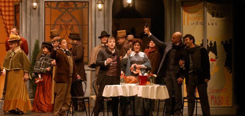 La obra contrapone el romance apasionado de tintes melodramáticos de una costurera y un poeta (Rodolfo y Mimi) con el amor humorístico de un pintor y una cantante (Marcello y Musetta). Contando con el libreto de Giacosa e Illica, la puesta en escena se basa en la obra literaria de Henri Murger La Vie de Bohème, una colección de viñetas que retrata a un grupo de bohemios que habitan en el Barrio Latino de París.
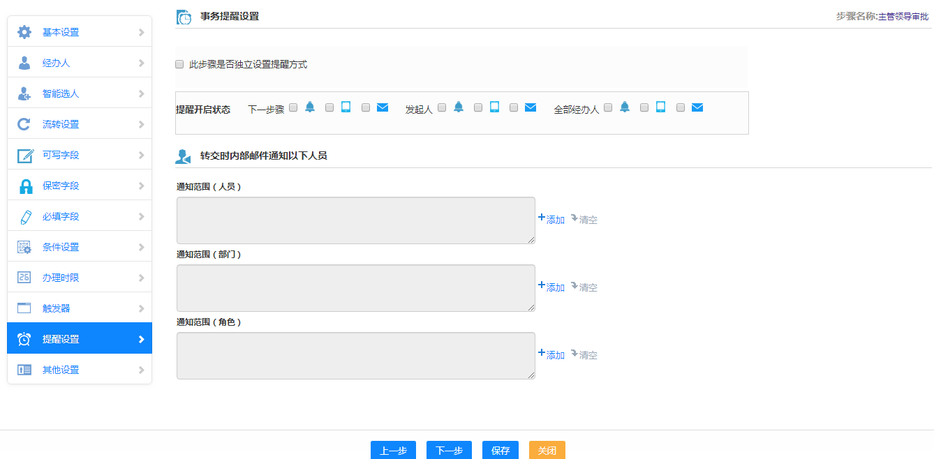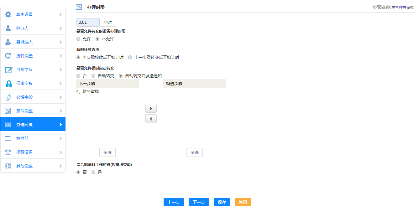 下一步骤:可以选择一个或多个分支步骤,如不选择,则系统按照顺序自动选择下一步骤。比如:步骤1的下一步骤设置为步骤3,则表示可以跳过步骤2直接流转至步骤3;也可以设置为多个分支,比如步骤1的下一步骤设为步骤2和步骤3,则表示流程的主办人可选择其中的一个流程分支,既可以是步骤2也可以是步骤3。下一个步骤的分支没有总数限制,如设置了[结束流程],表示可以在步骤转交时,直接结束流程。充分利用下一步骤的设置,用户就可以设计出复杂的业务流程,满足业务灵活多变的需要。
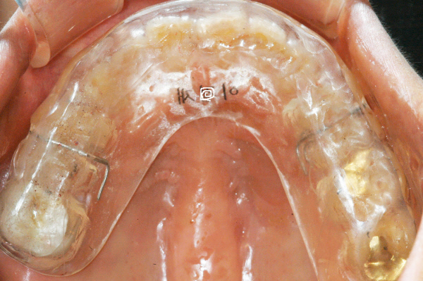 구강내 아래턱 치아에 착용한 CBK스플린트. 정기적으로 치과에서 미세한 조정을 받아야 완벽한 교합 안정이 이뤄진다. 교합이 틀어지면 근육의 왜곡이 일어나면서 두개골이 틀어지고, 뇌와 척수에도 영향을 미치게 된다. 즉 치아가 마모되고 틀어지면서 그 영향을 두개골에서 같이 받고, 이것이 전신건강과 면역시스템에도 영향을 주게 된다는 게 최 원장의 설명이다.
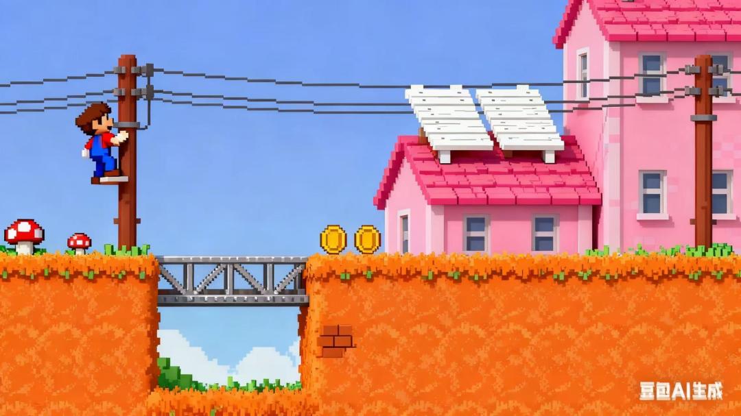 画面有点偏卡通和像素,感觉这样的效果比较梦幻和舒服,画面1和2都是横板视角,画面3是俯视视角,天空和云朵的效果也很符合我们对游戏画面的要求,第一个关卡是在一个小镇上,有着草地、街道、房子、桥、电灯等元素,可以攀爬电灯(电线杆),可以爬上屋顶,也可以通过木板和跳跃来到对面
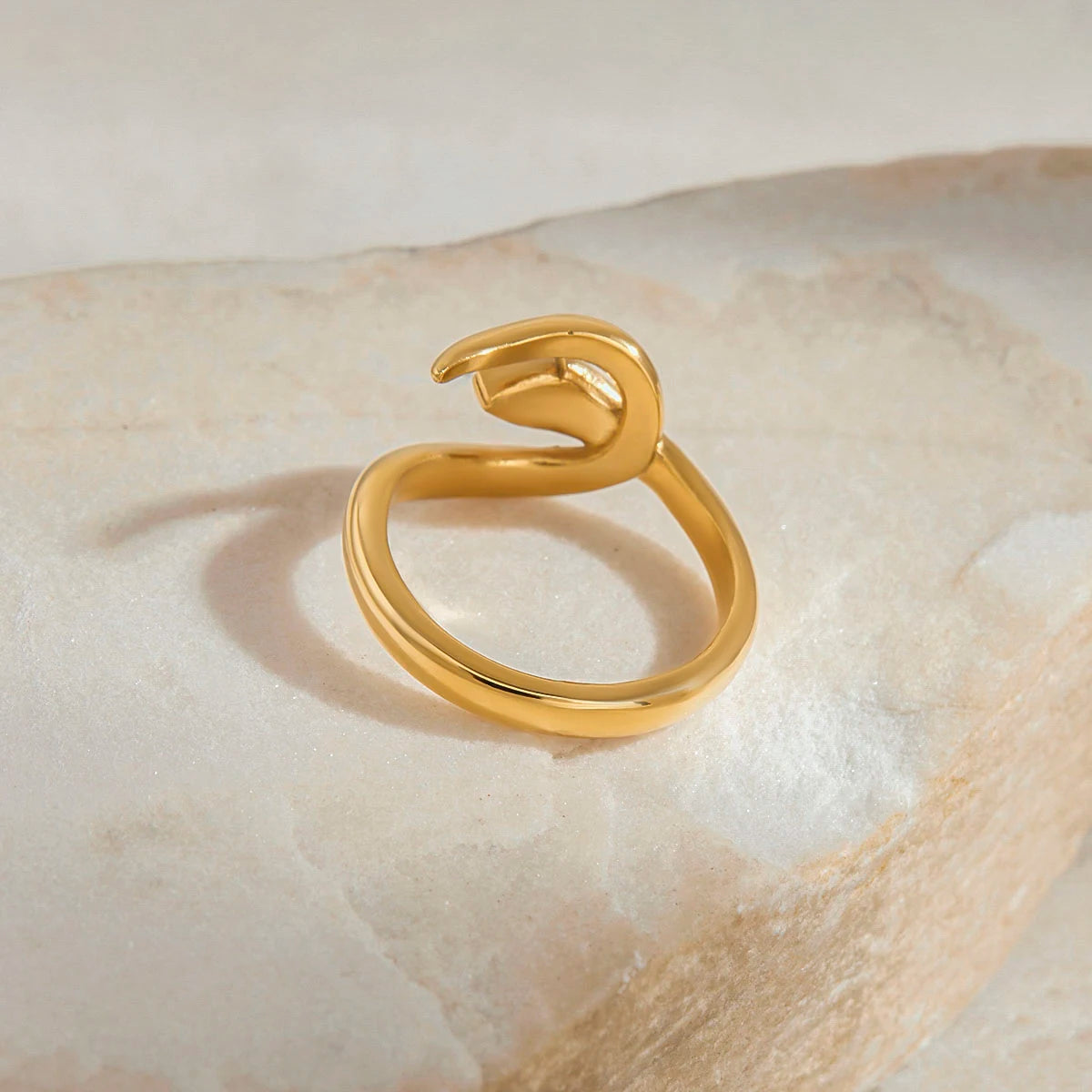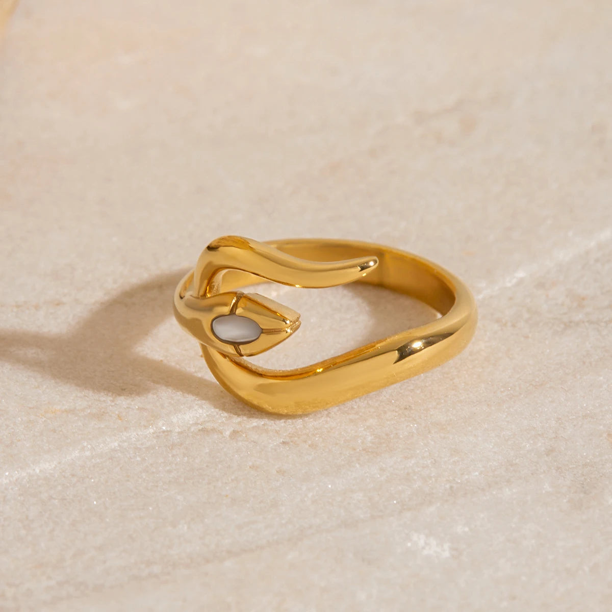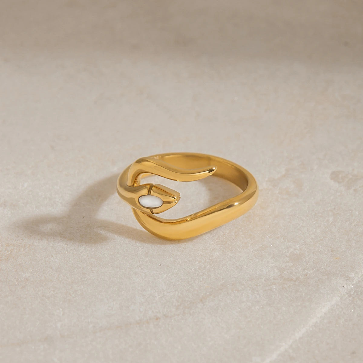 ステンレス304 低ニッケル 水に濡れても錆びにくい 18Kゴールドメッキ リング 2層 蛇 ヘビ スネーク 【YJ01160】
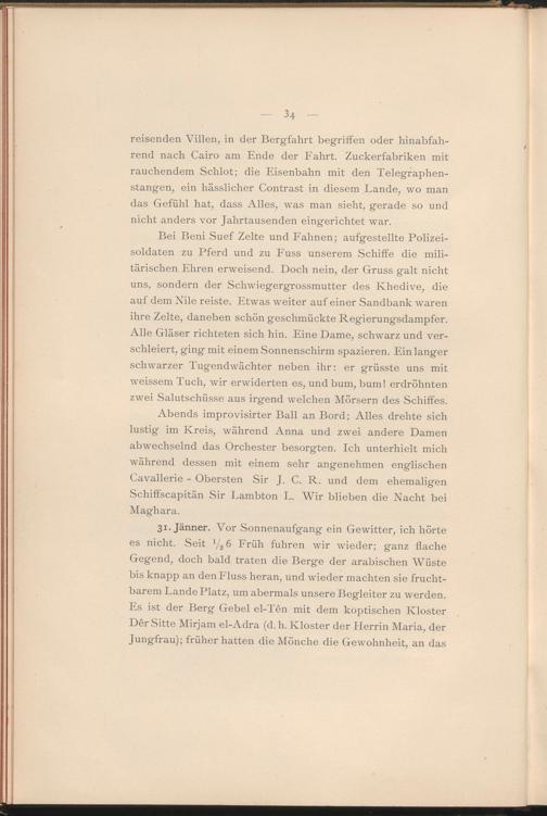 31. Jänner. Vor Sonnenaufgang ein Gewitter, ich hörte es nicht. Seit 1 / 2 6 Früh fuhren wir wieder; ganz flache Gegend, doch bald traten die Berge der arabischen Wüste bis knapp an den Fluss heran, und wieder machten sie fruchtbarem Lande Platz, um abermals unsere Begleiter zu w erden. Es ist der Berg Gebel el-Ten mit dem koptischen Kloster Der Sitte Mirjam el-Adra (d. h. Kloster der Herrin Maria, der Jungfrau); früher hatten die Mönche die Gewohnheit, an das

__Problem description__:
Every line from the one holding "画面有点偏卡通和像素,感觉这" to the last line of the listing above, inclusive, must appear exactly as written, and no picture may appear.

__Result__:
 画面有点偏卡通和像素,感觉这样的效果比较梦幻和舒服,画面1和2都是横板视角,画面3是俯视视角,天空和云朵的效果也很符合我们对游戏画面的要求,第一个关卡是在一个小镇上,有着草地、街道、房子、桥、电灯等元素,可以攀爬电灯(电线杆),可以爬上屋顶,也可以通过木板和跳跃来到对面
 ステンレス304 低ニッケル 水に濡れても錆びにくい 18Kゴールドメッキ リング 2層 蛇 ヘビ スネーク 【YJ01160】
 31. Jänner. Vor Sonnenaufgang ein Gewitter, ich hörte es nicht. Seit 1 / 2 6 Früh fuhren wir wieder; ganz flache Gegend, doch bald traten die Berge der arabischen Wüste bis knapp an den Fluss heran, und wieder machten sie fruchtbarem Lande Platz, um abermals unsere Begleiter zu w erden. Es ist der Berg Gebel el-Ten mit dem koptischen Kloster Der Sitte Mirjam el-Adra (d. h. Kloster der Herrin Maria, der Jungfrau); früher hatten die Mönche die Gewohnheit, an das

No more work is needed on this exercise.